Kristen Stewart and Golshifteh Farahani outshine the competition

German films have recently played no significant role at other festivals. In the light of the awards at the Film Prize and the successes at the Berlinale, German cinema could of course continue to bask in the future. The point is that both are largely financed from the budget of the Minister of State for Culture. However, there is a danger that the local film industry will settle into this comfort and further isolate itself internationally. That would also be fatal for the charisma of the Berlinale, the most important showcase for German film.

A side effect of this development is that the Berlinale jury with the two stars Kristen Stewart and Golshifteh Farahani outshines the competition this year in purely nominal terms. You don’t necessarily have to know the directors in the Bären competition, such as the American Celine Song (“Past Lives”, which already had its world premiere at the Sundance) or Lila Avilés (“Totem”); with the Nouvell Vague director Philippe Garrel at least a doyen is represented. If you want to impute a strategy to Chatrian, who sees himself as a mentor to “his” films, then it would be to take the pressure off the small films in this way. However, if you exclude the German films, this year’s competition is more like a grab bag.

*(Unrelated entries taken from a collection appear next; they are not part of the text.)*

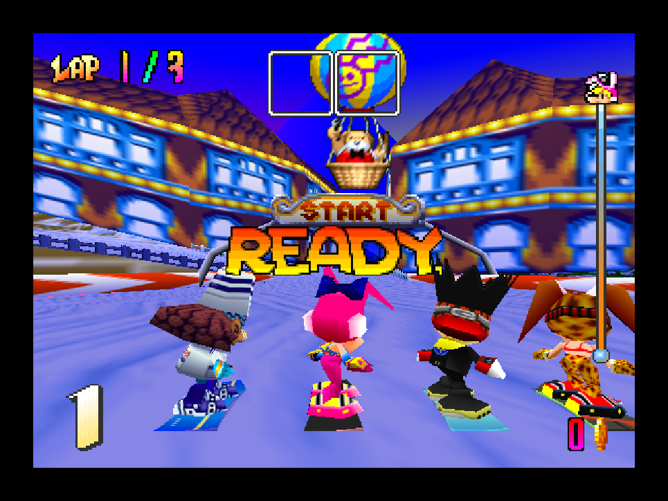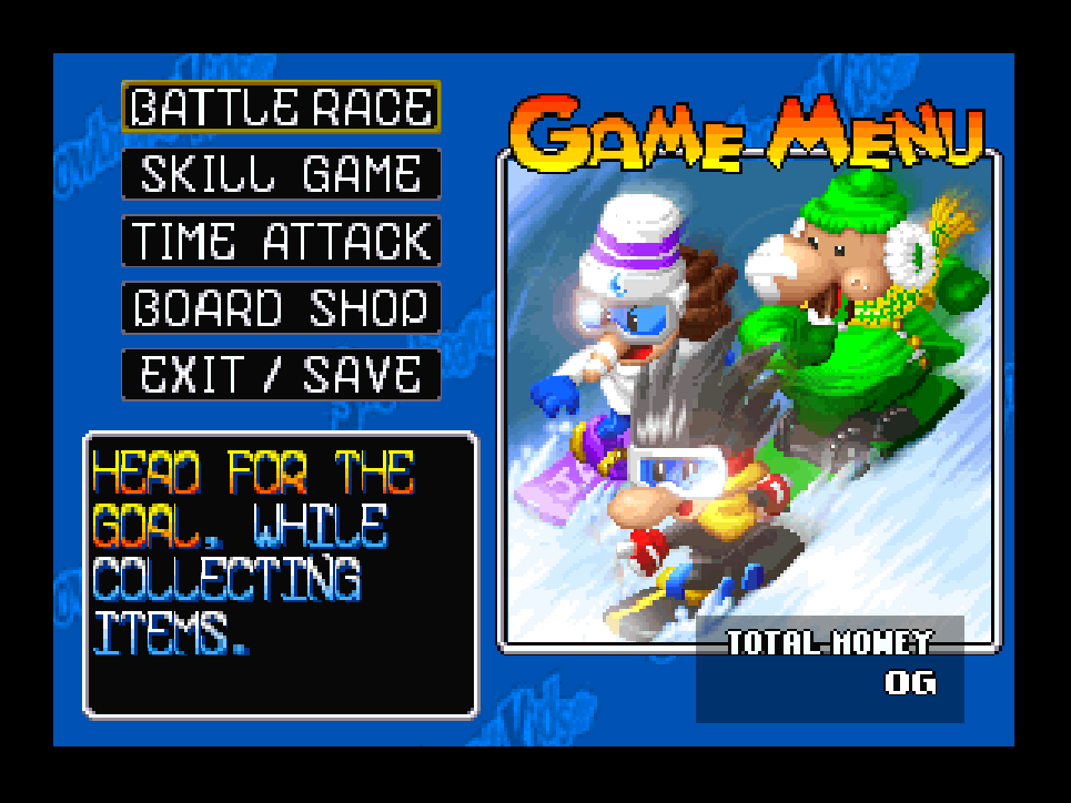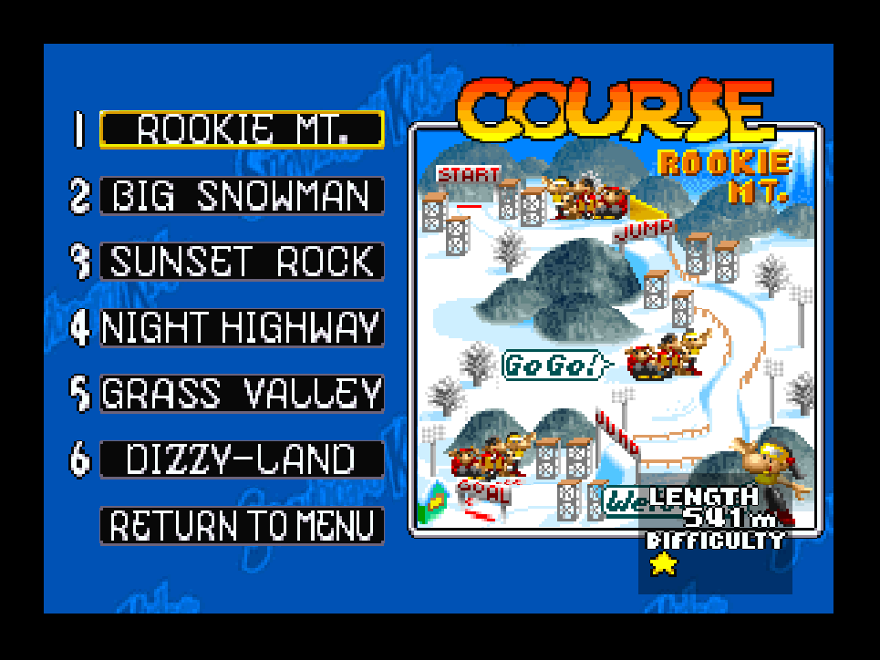 Snowboard Kids is a downhill snowboarding game, where the player can select one of 6 characters, with 5 available at the start and one locked character. At the start of the game, the player can select the number of players that will be playing, with up to four players available to play. After selecting the number of players, the character selection will pop up on screen. Each of the characters have their own unique stats and abilities in play.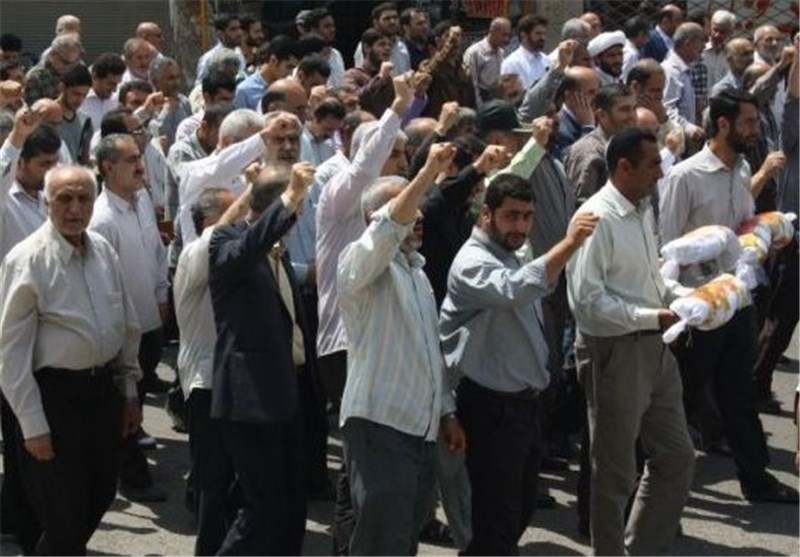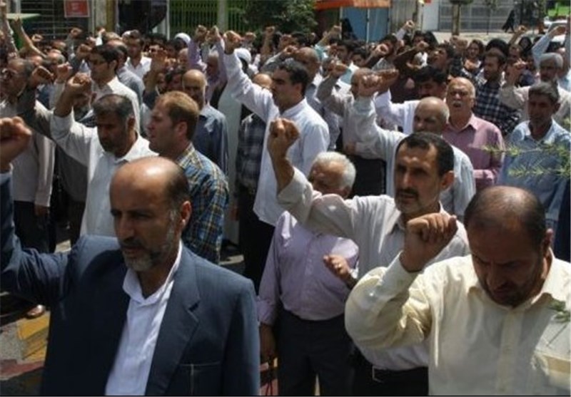 تجمعکنندگان با سردادن شعارهایی همچون "مرگ بر آمریکا" و "مرگ بر اسراییل"، آمریکا را همدست جنایت های رژیم صهیونیستی اعلام کردند.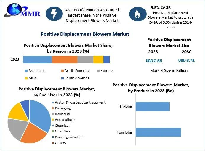 ◆Positive Displacement Blowers Markethe global positive displacement blowers market, valued at USD 2.55 billion in 2023, is projected to reach USD 3.71 billion by 2030, growing at a compound annual growth rate (CAGR) of 5.5% during the forecast period. This growth is driven by increasing applications in water and wastewater treatment, packaging, industrial processes, aquaculture, oil & gas, chemical industries, and power generation.

It’s been a while since the last film in the Berlinale competition that went on to become an international success story – whether at the Oscars or the European Film Awards. Chatrian has to ask himself which cinema market he is still targeting his festival to today. Very few films from the past competition made a big impression in cinemas; “Robe of Gems”, after all the winning film of the 2022 Jury Prize, will start directly on the Mubi streaming platform during the Berlinale. One can only wish the Berlinale all the best for the restart.